If the litter along county roadways is any indication, Mountain Dew may be the most popular beverage in the county.

Henry County Judge Executive John Logan Brent said Monday that during the annual Henry County Clean Sweep roughly 80 percent of the litter picked up each year is a plastic bottle, typical a 16-ounce soda bottle.

"And of those, the most popular drink of choice, by far, is Mountain Dew," he said. "It's absolutely amazing. It must be the drink of choice in Henry County."

It's an amusing observation, but one that many of the teams who will be out combing Henry County roadways for litter this weekend will share.

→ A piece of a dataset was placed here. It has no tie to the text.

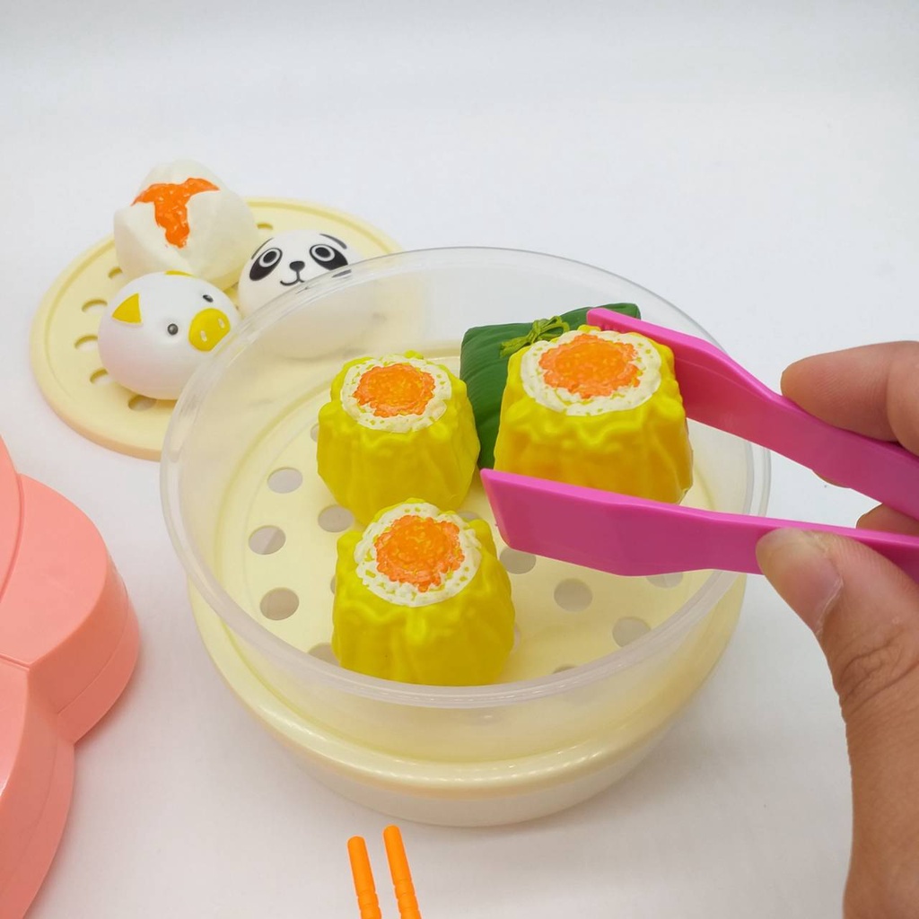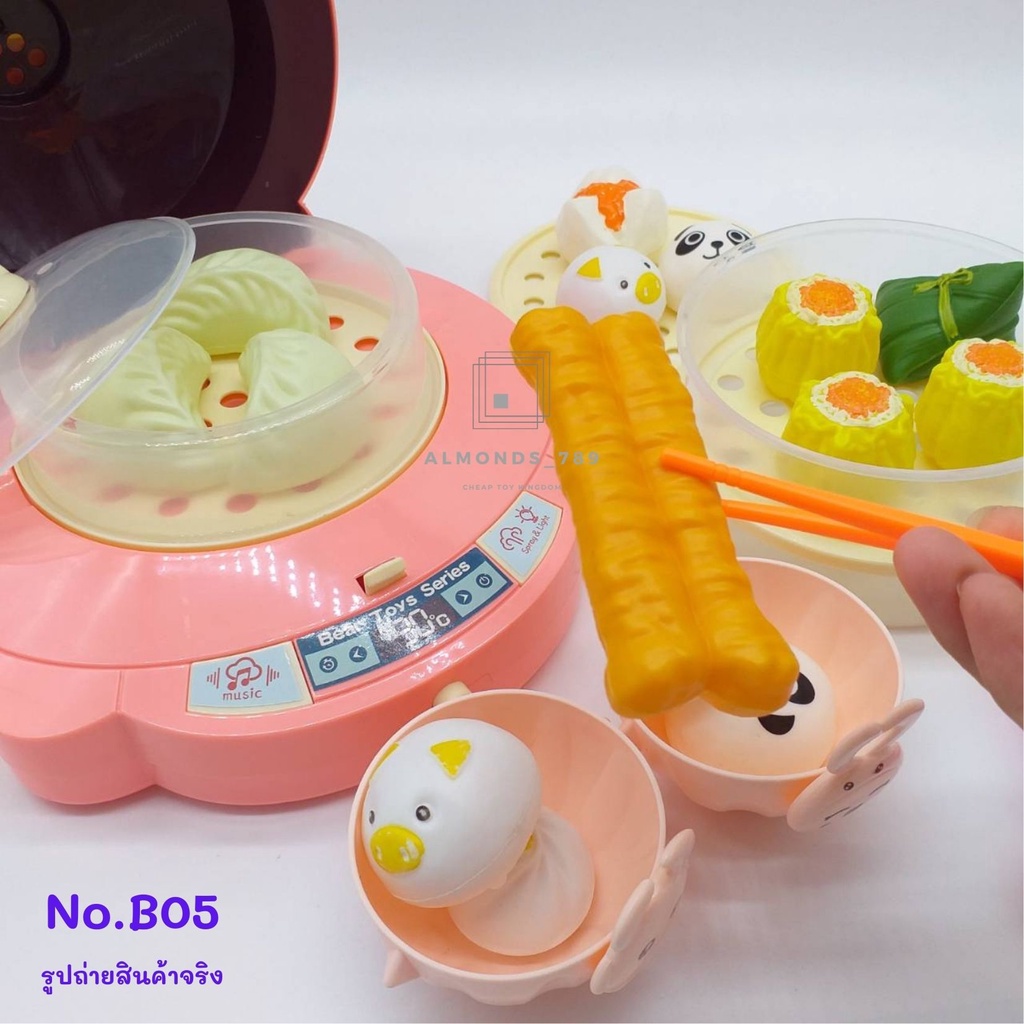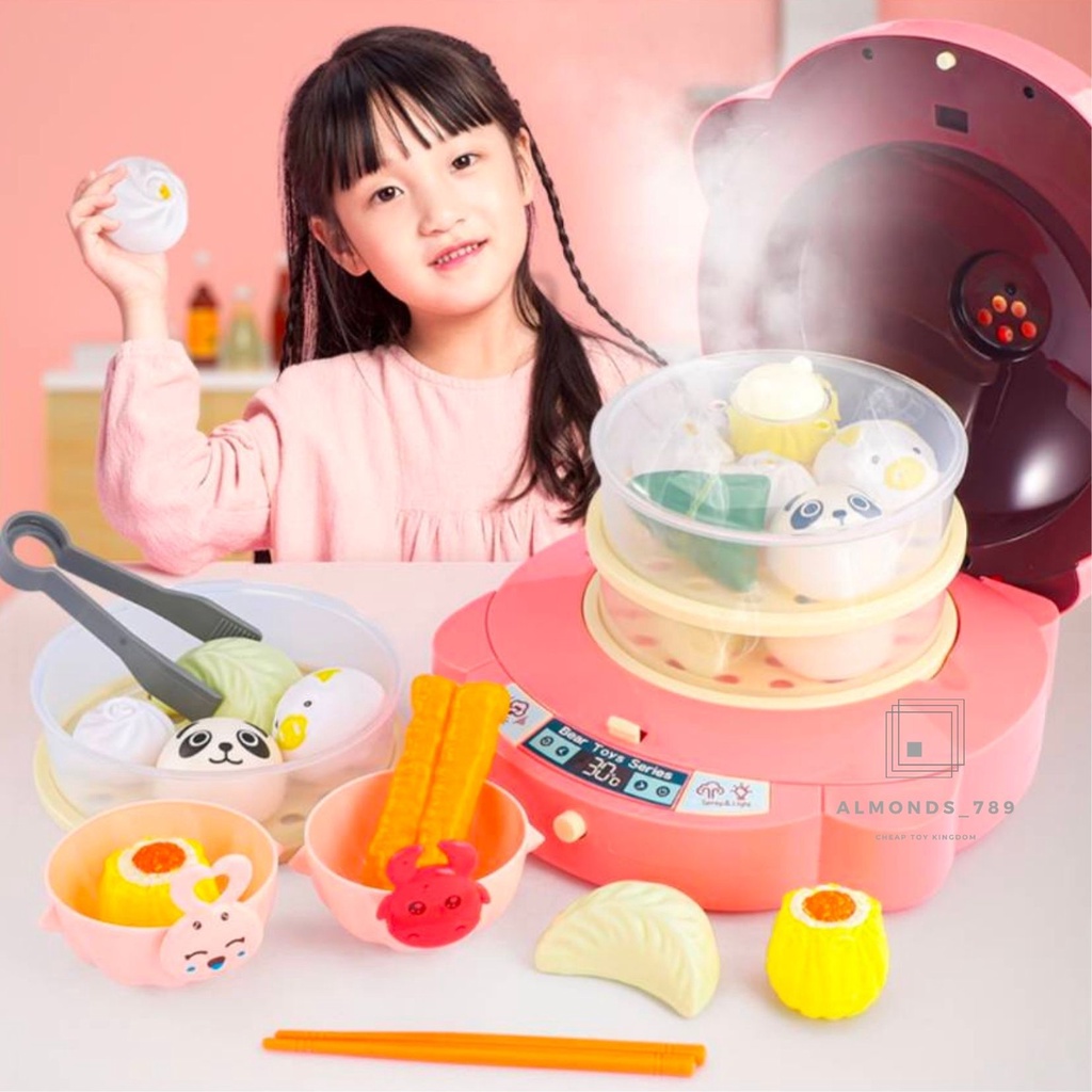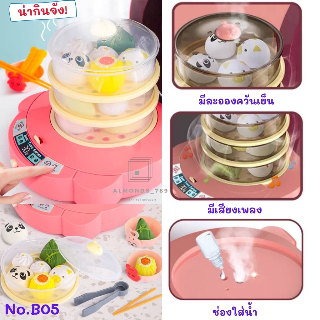 ครัวของเล่น ครัวจำลอง เตาย่างบาบีคิว หม้อนึ่งติ่มซำ เตามีไฟมีเสียงและควันลมเย็น ของเล่นเด็ก

Saturday, the fifth annual Henry County Clean Sweep will take place in an effort to clean up county roadways and increase awareness of what Brent described as the litter problem in Henry County.

In its first year, the Clean Sweep depended entirely on volunteers, but eventually, those volunteers were given $100 per mile of roadway they cleaned up, thanks to a state administered grant.

To keep the grant, Brent said the county must maintain the equivalent of its roadway mileage each year.

"That's roughly about 400 miles of roads here in Henry County," he said. "Now, about 200 miles of that 430 are knocked out on one day every year in this county clean up."

The remaining miles are cleaned by inmate crews and solid waste employees.

Brent said for many of the volunteer groups who work the day long clean up effort, the day is a learning experience.

Kathy Peyton and five members of the Henry County Girl's Golf team participated in last year's Clean Sweep.

"It really was kind of a neat thing," she said. "You wouldn't believe some of the stuff that we found. It was a really good experience from the girls. It probably taught them not to toss trash out the window. Somebody has got to pick that up."

The team cleaned up about eight miles of road last year and picked up 25-30 bags of trash in about five hours. The team will be out again this year picking up litter again.

"Really, It does make the road look better," she said.

Brent said the county provides to the teams vests, gloves and trash bags, all of which are paid for through the litter grant.

The most littered roads in the county, he said, are located near fast food restaurants or are main roads, such as KY-55 between New Castle and Eminence. "Kentucky 146 from Pendleton to New Castle is a really rough road," he said, noting that that road is reserved for county crews because "it's kind of dangerous."

In 2006, volunteer crews picked up an average of 15 bags of trash per mile, and filled one 40-yard dumpster. The 8-foot deep dumpster wasn't big enough, and this year, the county will rent two of the monster bins.

Brent said the event is an important one not just because of the beautification effort.

"It also raises awareness," he said. "Just that we have a beautiful county, and hopefully, in time, more and more people will become respectful of our county and take their trash home with them."

He hopes too that those volunteers who help to clean up the roadways aren't discouraged that year after year, there's still more trash to pick up.

"For those citizens who are out there doing the right thing in taking care of our county, I don't want them to get discouraged when they see litter," he said. "It's gotten a whole lot better."